__HOW TO COMPLETE THIS TASK__
Output the lines from the top of the entries below to the line with "Single action spur", both included, exactly and without pictures.

Entries taken from a collection:
━━━
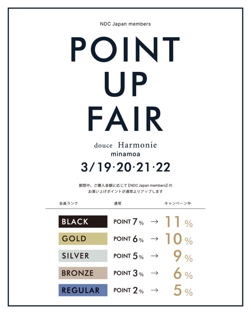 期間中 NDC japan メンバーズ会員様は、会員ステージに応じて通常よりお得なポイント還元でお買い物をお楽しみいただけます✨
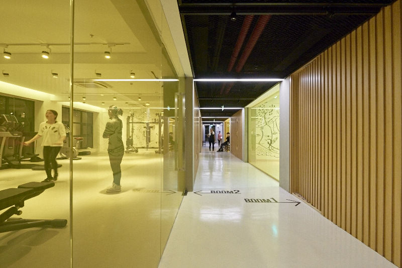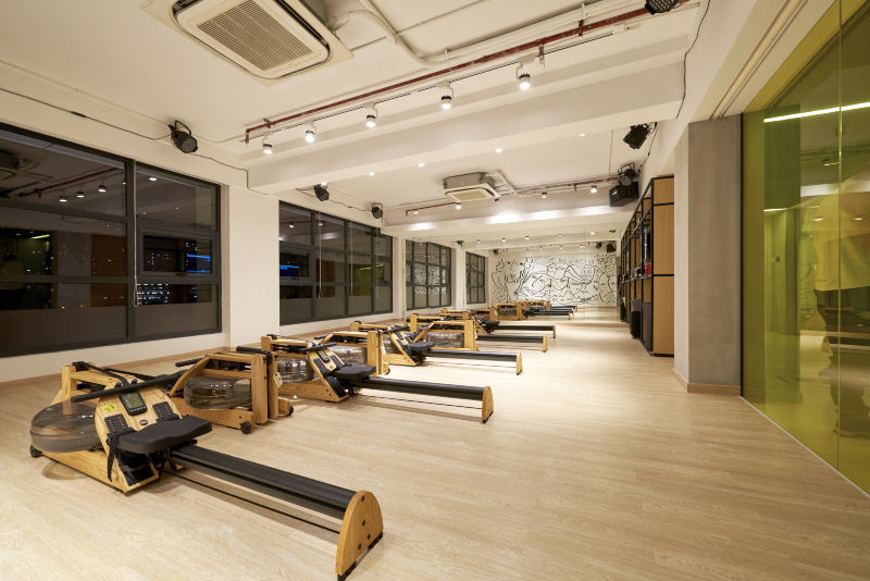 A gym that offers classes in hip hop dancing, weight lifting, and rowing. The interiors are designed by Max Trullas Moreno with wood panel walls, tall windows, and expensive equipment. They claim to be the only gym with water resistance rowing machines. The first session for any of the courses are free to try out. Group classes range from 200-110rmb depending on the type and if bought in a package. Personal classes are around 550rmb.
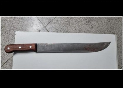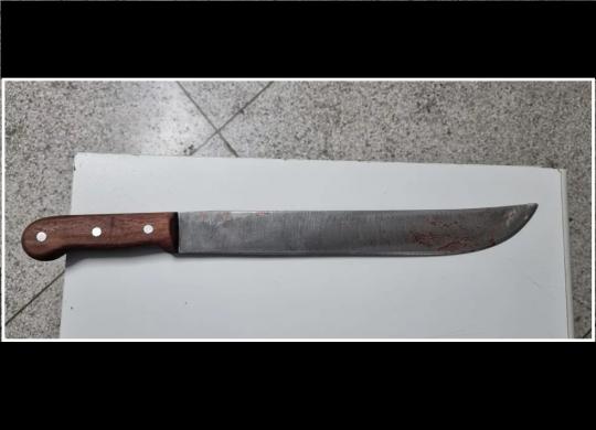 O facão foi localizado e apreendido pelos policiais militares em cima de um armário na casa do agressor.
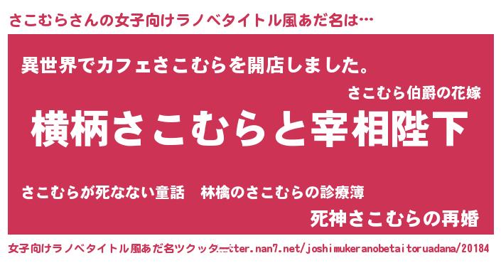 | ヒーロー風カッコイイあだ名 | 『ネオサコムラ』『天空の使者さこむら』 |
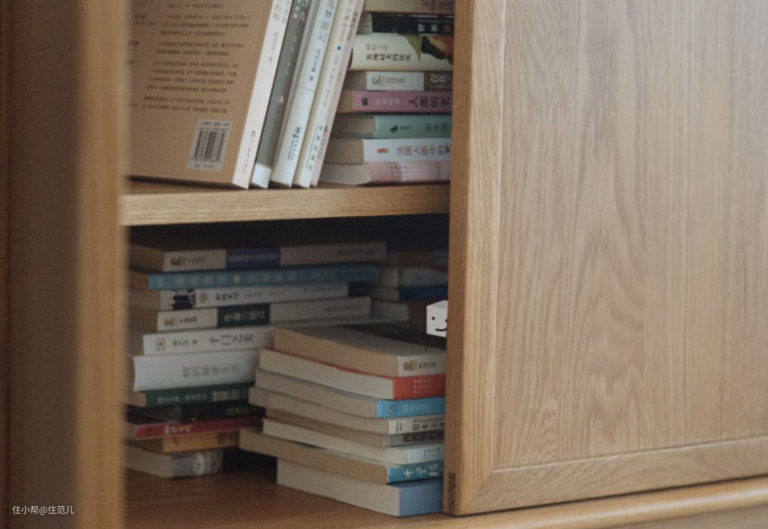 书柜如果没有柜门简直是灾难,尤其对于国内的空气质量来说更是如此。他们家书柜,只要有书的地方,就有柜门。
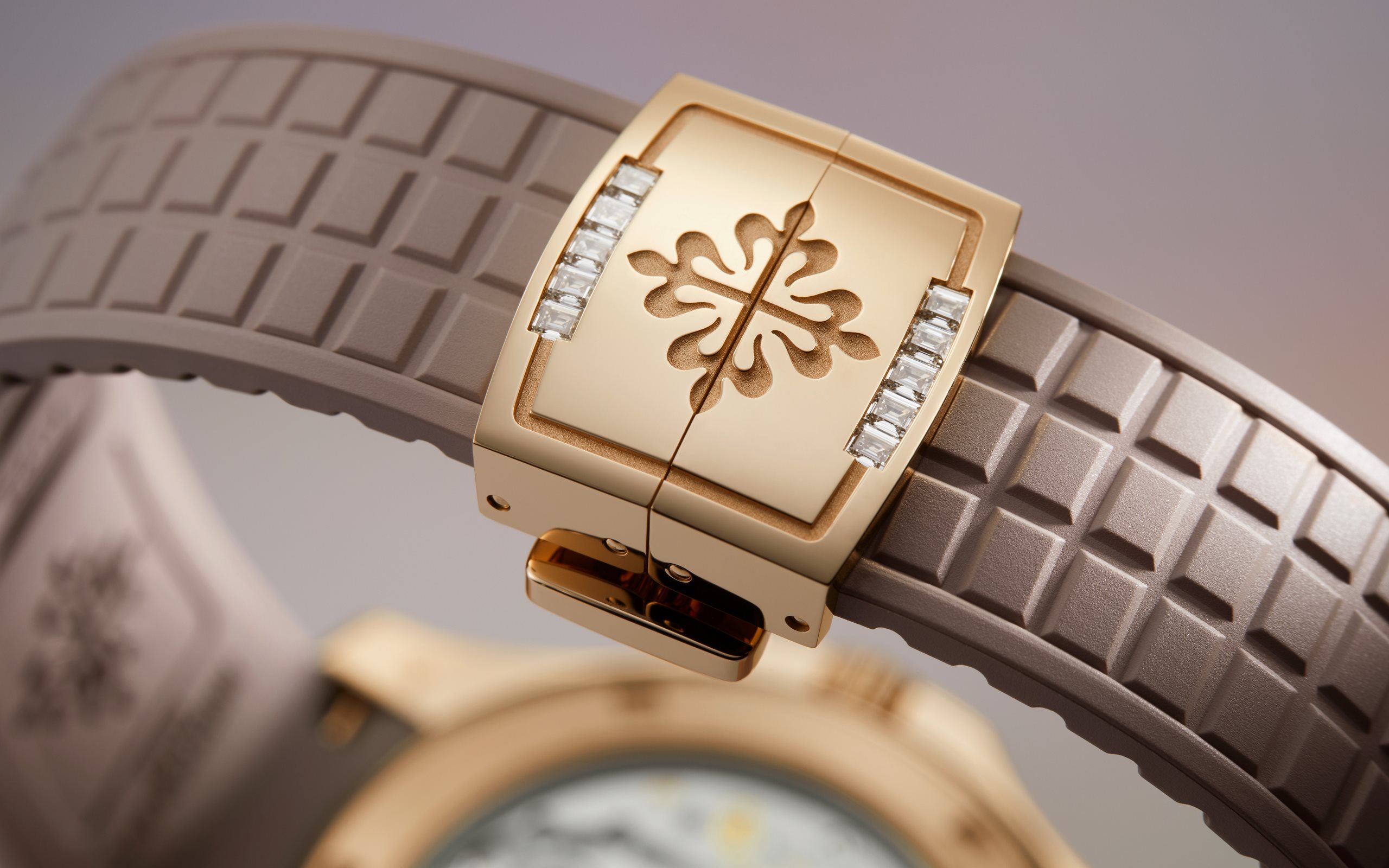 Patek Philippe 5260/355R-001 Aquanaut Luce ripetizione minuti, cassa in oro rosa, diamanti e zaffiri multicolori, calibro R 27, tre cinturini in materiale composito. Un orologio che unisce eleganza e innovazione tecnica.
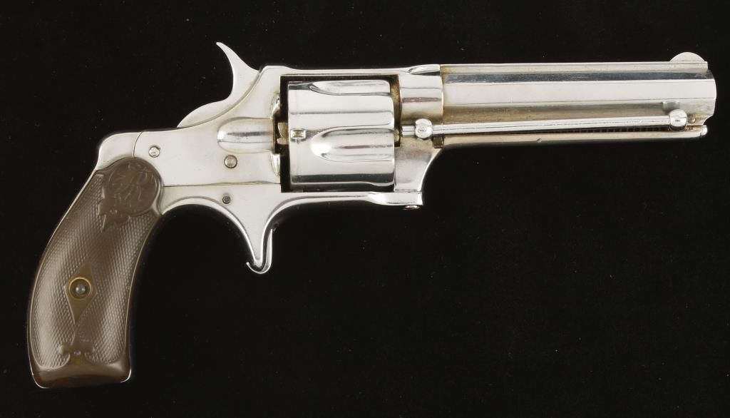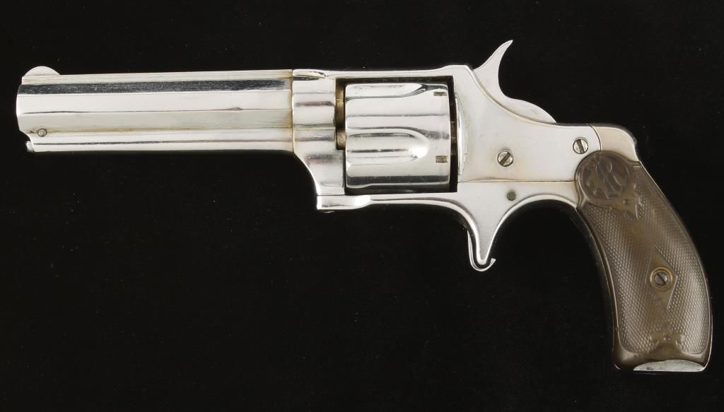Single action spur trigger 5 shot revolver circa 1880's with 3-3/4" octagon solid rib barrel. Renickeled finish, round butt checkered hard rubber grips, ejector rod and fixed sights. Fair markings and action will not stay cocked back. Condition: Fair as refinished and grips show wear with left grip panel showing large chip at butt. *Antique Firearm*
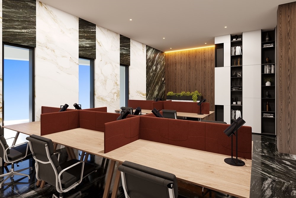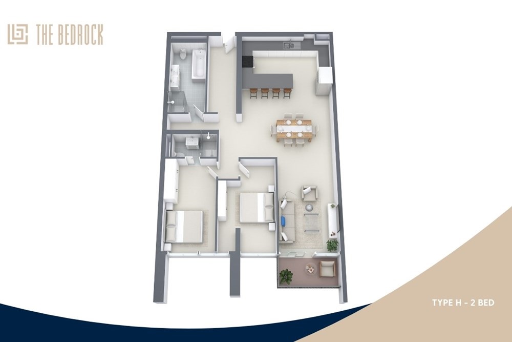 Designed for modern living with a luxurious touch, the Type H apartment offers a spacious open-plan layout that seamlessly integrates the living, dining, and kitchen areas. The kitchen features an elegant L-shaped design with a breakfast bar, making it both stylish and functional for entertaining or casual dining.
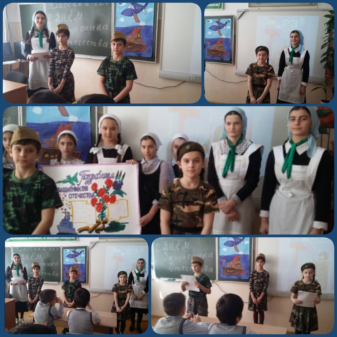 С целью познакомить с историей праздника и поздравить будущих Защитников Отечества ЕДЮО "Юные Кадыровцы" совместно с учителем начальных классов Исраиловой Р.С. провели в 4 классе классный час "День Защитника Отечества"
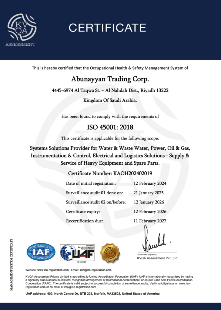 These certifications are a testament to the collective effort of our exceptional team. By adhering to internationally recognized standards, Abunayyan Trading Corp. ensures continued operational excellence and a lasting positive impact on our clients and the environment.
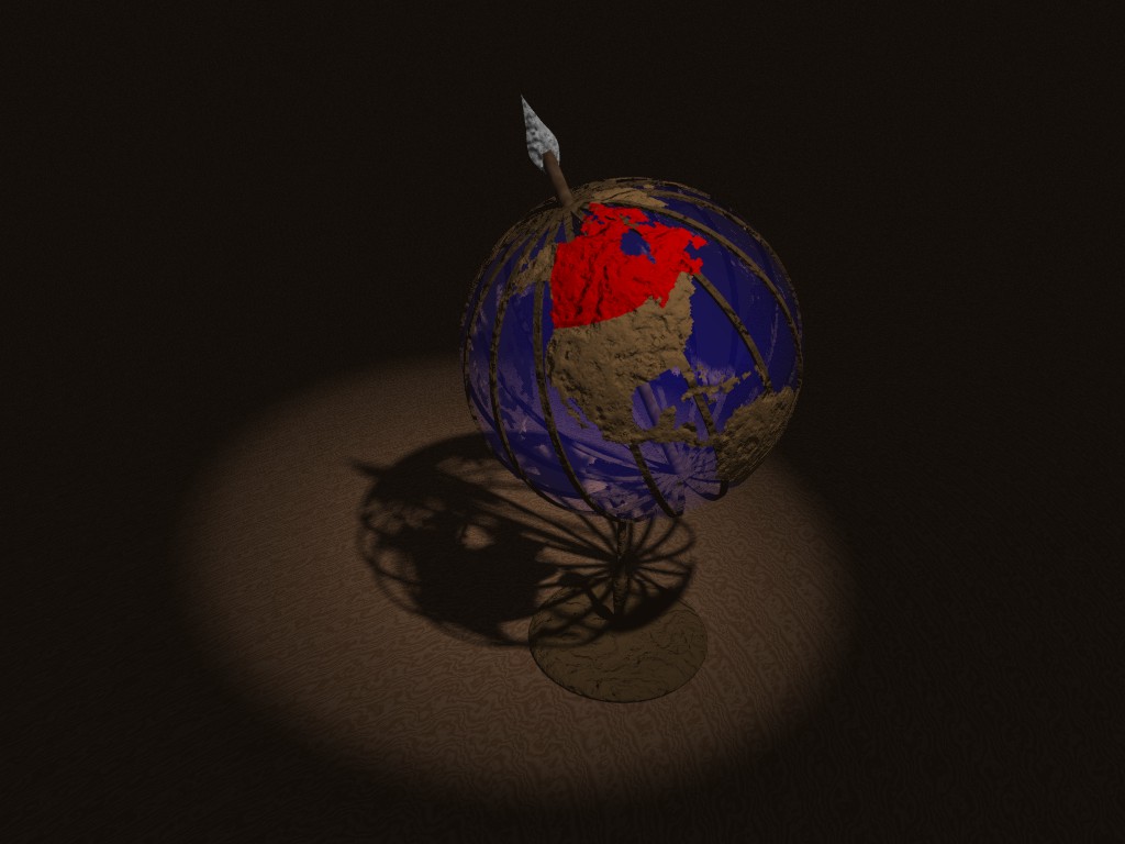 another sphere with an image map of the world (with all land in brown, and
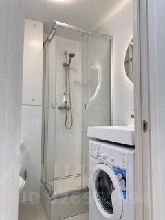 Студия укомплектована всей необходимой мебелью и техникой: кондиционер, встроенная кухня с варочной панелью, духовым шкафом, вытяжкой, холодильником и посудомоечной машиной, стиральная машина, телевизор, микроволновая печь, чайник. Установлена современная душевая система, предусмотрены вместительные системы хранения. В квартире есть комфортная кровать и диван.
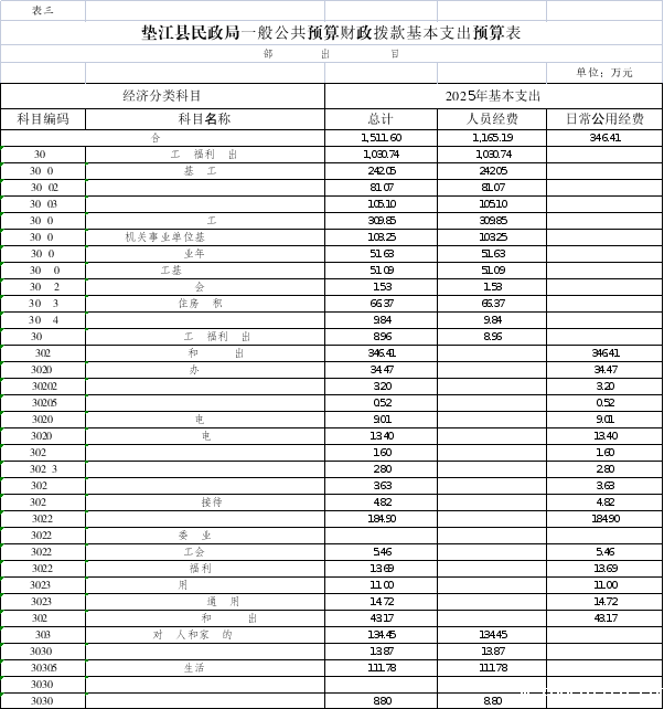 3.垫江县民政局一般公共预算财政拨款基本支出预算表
━━━
__WRITTEN RESPONSE__
 期間中 NDC japan メンバーズ会員様は、会員ステージに応じて通常よりお得なポイント還元でお買い物をお楽しみいただけます✨
 A gym that offers classes in hip hop dancing, weight lifting, and rowing. The interiors are designed by Max Trullas Moreno with wood panel walls, tall windows, and expensive equipment. They claim to be the only gym with water resistance rowing machines. The first session for any of the courses are free to try out. Group classes range from 200-110rmb depending on the type and if bought in a package. Personal classes are around 550rmb.
 O facão foi localizado e apreendido pelos policiais militares em cima de um armário na casa do agressor.
 | ヒーロー風カッコイイあだ名 | 『ネオサコムラ』『天空の使者さこむら』 |
 书柜如果没有柜门简直是灾难,尤其对于国内的空气质量来说更是如此。他们家书柜,只要有书的地方,就有柜门。
 Patek Philippe 5260/355R-001 Aquanaut Luce ripetizione minuti, cassa in oro rosa, diamanti e zaffiri multicolori, calibro R 27, tre cinturini in materiale composito. Un orologio che unisce eleganza e innovazione tecnica.
Single action spur trigger 5 shot revolver circa 1880's with 3-3/4" octagon solid rib barrel. Renickeled finish, round butt checkered hard rubber grips, ejector rod and fixed sights. Fair markings and action will not stay cocked back. Condition: Fair as refinished and grips show wear with left grip panel showing large chip at butt. *Antique Firearm*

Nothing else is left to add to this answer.